**Data excerpt:**
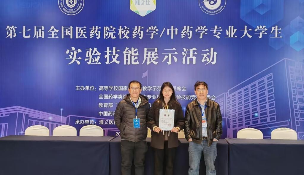 圖為康欣怡參加第七屆全國醫(yī)藥院校藥學(xué)、中藥學(xué)專業(yè)大學(xué)生實(shí)驗(yàn)技能展示活動(dòng)留念
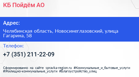 КБ Пойдём, АО по адресу Челябинская область, Новосинеглазовский, улица Гагарина, 58 в дальнейшем Организация, размещена в следующих категориях:
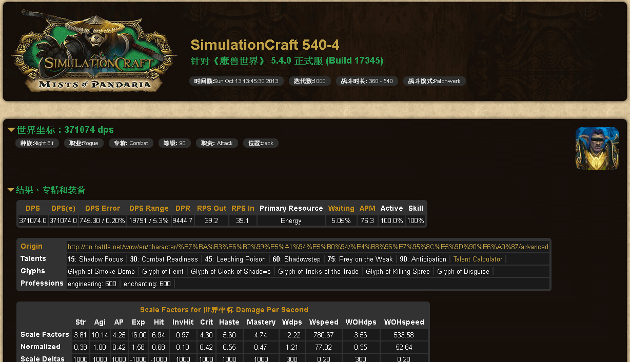 3.该循环的有效APM远高于正常循环(我的正常循环APM55.9该循环APM76.3),而战斗贼循环的失误对DPS影响较大,如果无法适应较高APM可能会导致DPS下降、

**Assigned task:** From the line that contains "КБ Пойдём, АО" to the final line of the material, write out each line exactly. Pictures stay out.

**Solved problem:**
 КБ Пойдём, АО по адресу Челябинская область, Новосинеглазовский, улица Гагарина, 58 в дальнейшем Организация, размещена в следующих категориях:
 3.该循环的有效APM远高于正常循环(我的正常循环APM55.9该循环APM76.3),而战斗贼循环的失误对DPS影响较大,如果无法适应较高APM可能会导致DPS下降、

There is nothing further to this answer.